------ Data to process ------

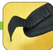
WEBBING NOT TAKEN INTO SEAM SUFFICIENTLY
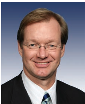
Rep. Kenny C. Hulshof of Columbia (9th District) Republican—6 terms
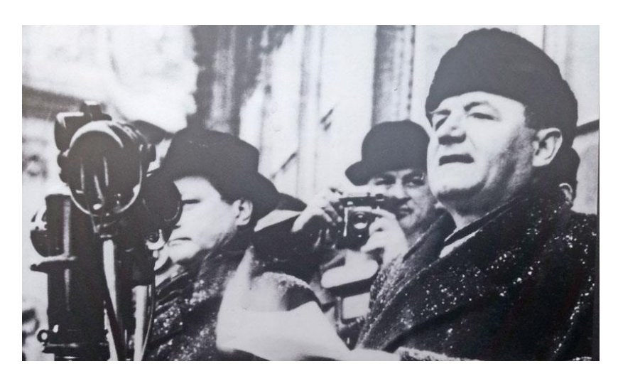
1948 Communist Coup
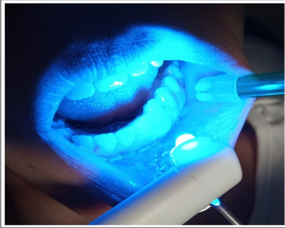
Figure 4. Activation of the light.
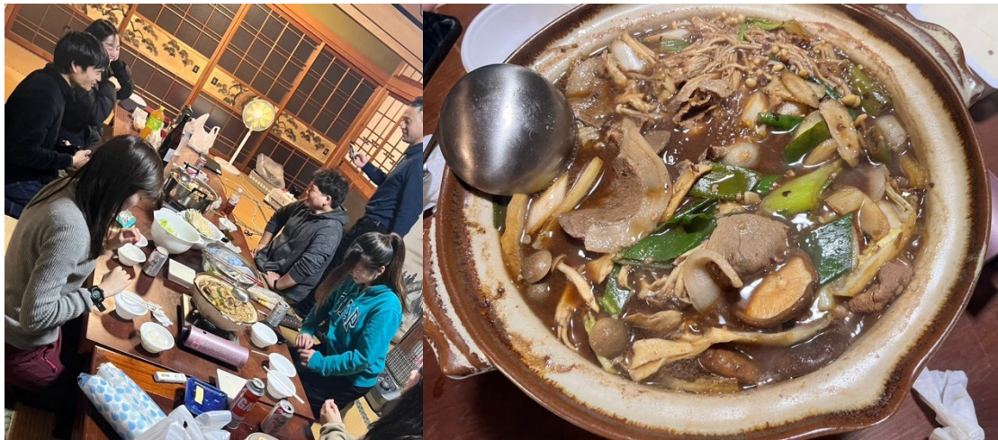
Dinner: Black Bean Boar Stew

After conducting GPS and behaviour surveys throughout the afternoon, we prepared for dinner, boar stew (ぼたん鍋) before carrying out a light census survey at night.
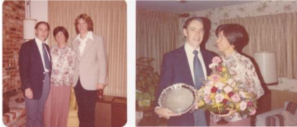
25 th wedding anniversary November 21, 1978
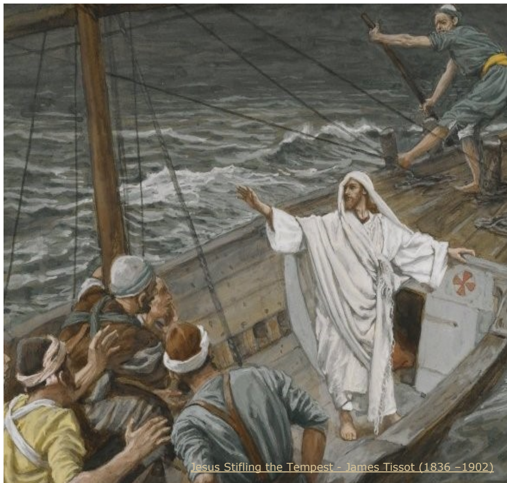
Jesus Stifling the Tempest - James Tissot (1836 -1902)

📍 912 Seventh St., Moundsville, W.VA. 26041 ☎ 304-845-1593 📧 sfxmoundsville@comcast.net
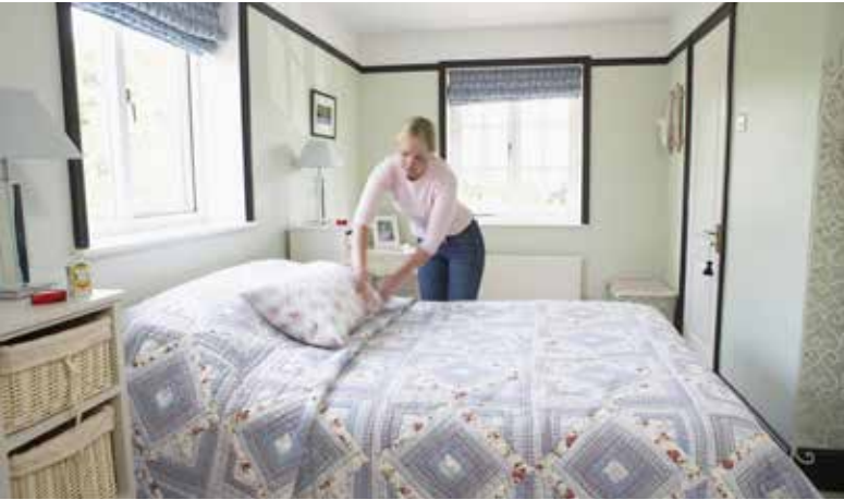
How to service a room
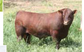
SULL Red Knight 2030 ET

------
------ Data to process ------

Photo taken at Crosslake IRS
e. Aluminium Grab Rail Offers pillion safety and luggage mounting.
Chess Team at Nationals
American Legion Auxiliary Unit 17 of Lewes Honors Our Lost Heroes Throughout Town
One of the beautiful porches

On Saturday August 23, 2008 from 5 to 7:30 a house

------
------ Data to process ------

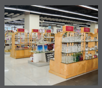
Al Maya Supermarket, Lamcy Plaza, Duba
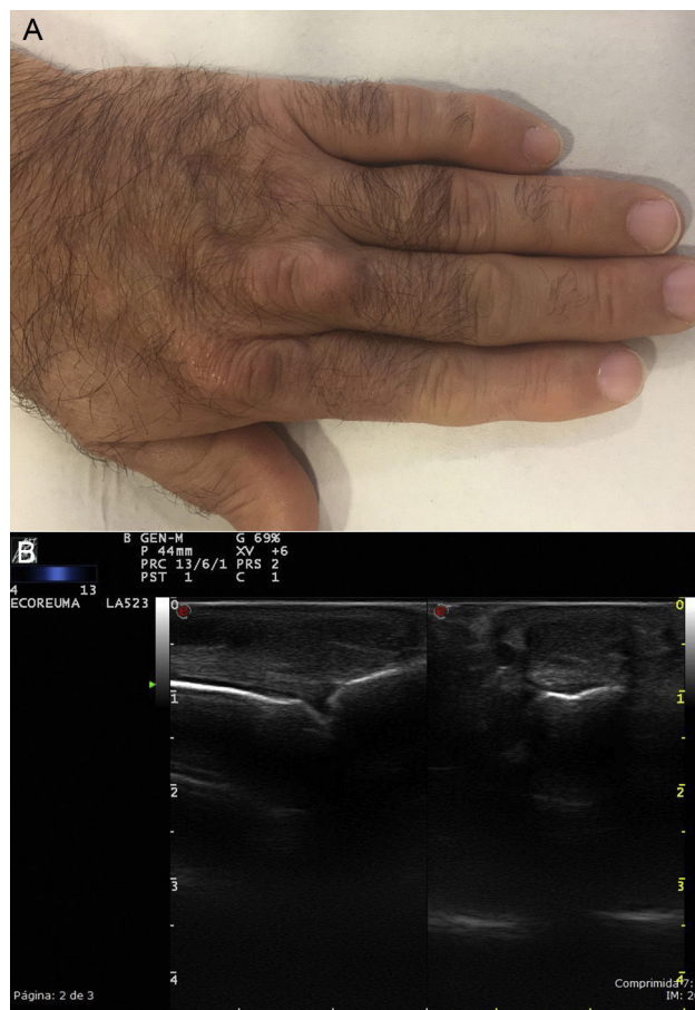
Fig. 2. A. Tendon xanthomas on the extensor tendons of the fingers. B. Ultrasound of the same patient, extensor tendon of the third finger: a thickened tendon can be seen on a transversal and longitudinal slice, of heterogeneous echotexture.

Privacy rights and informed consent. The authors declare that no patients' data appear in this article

------

*Aim of the task*.
In the data above, find the line containing "WEBBING NOT TAKEN INTO SEAM SUFFICIENTLY" and the line containing "SULL Red Knight 2030 ET". Copy exactly the stretch from the first through the second, both included, leaving out any picture.

*Answer section*.
WEBBING NOT TAKEN INTO SEAM SUFFICIENTLY
Rep. Kenny C. Hulshof of Columbia (9th District) Republican—6 terms
1948 Communist Coup
Figure 4. Activation of the light.
Dinner: Black Bean Boar Stew

After conducting GPS and behaviour surveys throughout the afternoon, we prepared for dinner, boar stew (ぼたん鍋) before carrying out a light census survey at night.
25 th wedding anniversary November 21, 1978
Jesus Stifling the Tempest - James Tissot (1836 -1902)

📍 912 Seventh St., Moundsville, W.VA. 26041 ☎ 304-845-1593 📧 sfxmoundsville@comcast.net
How to service a room
SULL Red Knight 2030 ET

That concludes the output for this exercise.